Domain Template System
pub trait DomainTemplate: Send + Sync {
fn name(&self) -> &str;
fn detect(&self, tree: &DocumentTree, card: &DocCard) -> bool;
fn enhance(&self, tree: &mut DocumentTree, card: &mut DocCard);
fn domain_tags(&self, tree: &DocumentTree) -> Vec<String>;
}
| Domain | Optimizations |
|---|---|
| Legal | Contract clause identification, article reference resolution, defined term tracking |
| Financial | KPI extraction from tables, reporting period detection, currency normalization |
| Technical | Code block extraction with language tags, API endpoint identification, version-aware sectioning |
Templates hook into the compile pipeline after the Enhance stage.
Estimated: ~500 lines Rust (framework + 2–3 built-in templates).
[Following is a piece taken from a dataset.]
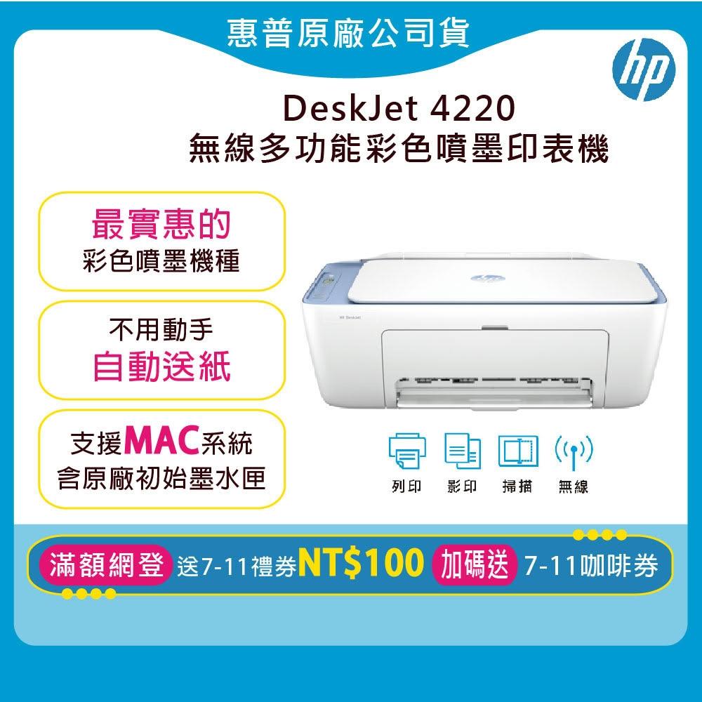 HP 惠普內含原廠初始墨匣★DeskJet 4220 無線多功彩噴印表機(加碼再送7-11咖啡券/官網登錄送7-11禮券100元)

A6: Performance & Reliability
Goal: Optimize memory, latency, and observability.
Lazy Document Loading
Defer tree loading until Worker dispatch. Router + Orchestrator.analyze only need DocCards (lightweight). Each DocumentTree is 10–100x larger than its DocCard.
Caching
- Router cache: Cache routing results keyed by
(query_hash, doc_ids_hash). Invalidate on document add/remove. - Query cache: Same query + same documents = cached result. Useful for interactive mode.
Subtree-Level Incremental Updates
Current incremental update detects file-level changes. Refine to diff affected subtrees and only re-compile changed portions. Can reduce re-indexing LLM calls by 50–80%.
Metrics
| Metric | Source | Use Case |
|---|---|---|
| Router latency | router.route() | Monitor routing overhead |
| Router cache hit rate | Router cache | Tune cache size |
| Lazy load count | Worker dispatch | Verify memory savings |
Success Metrics
| Metric | Current | Target |
|---|---|---|
| Max practical workspace size | ~100 docs | 10,000+ docs |
| Index time per doc (PDF, 50 pages) | ~30s | ~20s |
| Query latency (100 docs) | ~10s | ~8s |
| Query latency (1000 docs) | N/A | ~12s |
| Python install-to-query | Manual setup | < 5 minutes |
| Format support | PDF, Markdown | + HTML, DOCX, LaTeX |
Execution Priority
Sprint 1: A1 (Router) + A4 Phase 1 (CLI)
Sprint 2: A6 (Lazy Loading) + A4 Phase 2 (Pythonic API)
Sprint 3: A2 (HTML, DOCX, LaTeX)
Sprint 4: A3 (Table, Figure, Footnote)
Sprint 5: A5 (Domain Templates) + A4 Phase 4 (Framework Integration)
A1 is the most critical enabler — without it, large-scale scenarios are not viable. A4 (Python) runs in parallel throughout.